If you want to help others clean up contact your local council or police for information as there are a few safety issues that need addressing.
- Register you as a volunteer in case something goes wrong
- Organise helpers into teams to complete tasks in an orderly fashion.
- Less risk of being arrested as a looter.
- More security for homeowners knowing you are there to clean up not case the joint for later.
Don’t forget emotional help. If you can’t talk to family or friends then there are numerous phone up counselling services available. There may even be counsellors in the area in person to talk to.
Clean up after a flood
Once the area has been deemed safe you can start the clean up after a flood. Power, gas, water and sewerage have been deemed safe.
During this time, you can be organising helpers and getting your clean-up kit sorted out. Listen to the radio for directions on waste management and help.
Remove all items, furniture out of the house. These can be hosed down and cleaned or put on the rubbish pile. See the Free Flood Clean-up Checklist for what items can be saved.
Shovel out any excess mud and debris if you have any in your home. Clean any access pathways too, to prevent slips and falls.
Hose down the building starting at the top and working your way down. If the inside is badly damaged for example it is plasterboard and dissolving just clean up the best you can the home will need renovations before you can move back in.
Using a broom (which is easier or pressure cleaner) wash down the surfaces with cleaning products like sugar soap or floor cleaner. Don’t mix chemicals it can produce a deadly gas.
Work towards the doorways to prevent contaminating the clean areas. Give the area a final rinse.
Disinfect all surfaces that had flood water on them with either a high strength disinfectant or bleach.
Aerosol disinfectants won’t give enough coverage and will be very expensive. Follow the instructions on the product for time frames and rinsing requirements.
Dry everything out, after cleaning you need to let everything dry out. Open the doors, windows, turn on the fans (use a generator and pedestal fans if you have no electricity).
It may take a few days to dry out depending on the humidity (which will be high after a flood). You may have to lock up at night and reopen in the morning for security reasons.
There may be some level of renovation needed after a flood depending on-
- Flood height
- Level of damage
- Type of building materials
- Electrical appliances affected
This all takes time and life can be disrupted for everyone.

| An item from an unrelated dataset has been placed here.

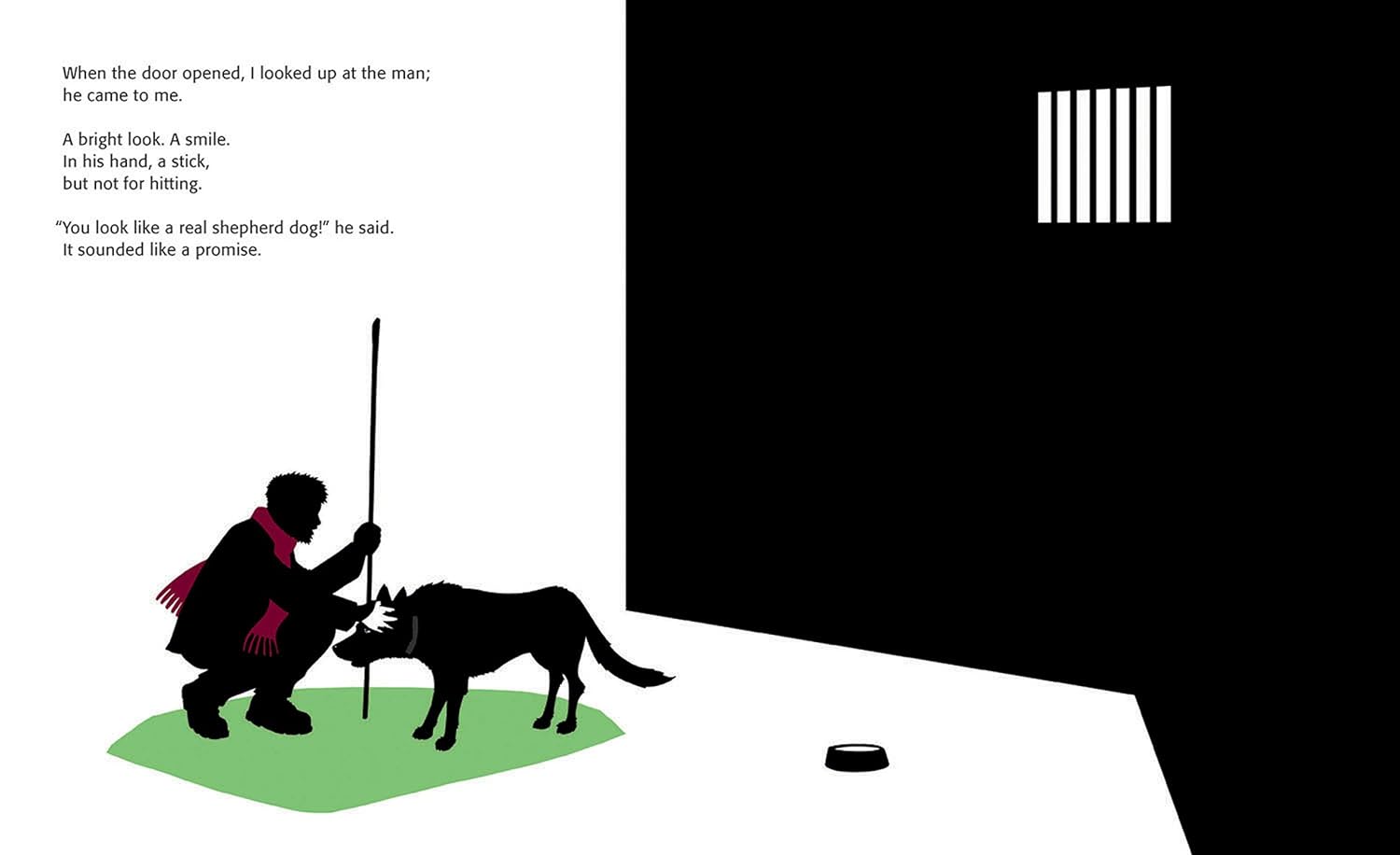 A sad and lonely dog, chained to a concrete slab by an abusive owner, tells how his wolf-like appearance and nighttime howling has led humans in the city neighborhood to misunderstand him. He longs for the freedom to run and the touch of a friendly hand. Taken to an animal shelter, the abandoned dog loses hope of being rescued until a man carrying a long, thin stick reaches through the bars to pat him on his back and says, "You look like a real shepherd dog!" Now, the dog reports, he spends his days tending sheep in the fields and his nights beside his shepherd, singing to the moon.Black-and-white silhouette illustrations dramatically show the transformation of this mistreated dog, whose life is changed by one caring individual. Carolyn Angus, Literacy Daily

The whole neighbourhood is affected and they are living elsewhere so other people have some effect of the flood in their lives too. Such as you are living in your parents’ spare room for a few months.
After the event is over look back and ask yourself what are you going to do differently next time.
- Make changes to the disaster plan
- Move to a higher suburb
- Raise the house
- Make alterations when rebuilding
The government may choose to move the how suburb as with Grantham in the Lockyer Valley, Queensland flood of 2011.
To reduce the stress and workload after a flood and to make cleaning up easier –
- Be prepared before the event, have a plan, and enact the plan on receiving a warning
- Move or evacuate valuable items if you have time.
- Turn off the electricity, water and gas before the flood hits or if you have to evacuate.
- Stay tuned to the radio for advice and to know when it’s safe to go back home.
- Minimise the hazards to prevent injury or infection
- Get help with the physical and emotional workload.
- Don’t mix your cleaning chemicals as they can give off deadly gas.
- Don’t run a petrol or diesel-powered equipment indoors as fumes are deadly.
- Take regular breaks, drink lots of water and eat to maintain energy.
Know your limit and that of those around you. Be safe, if people are struggling call it a day, the mess isn’t going anywhere.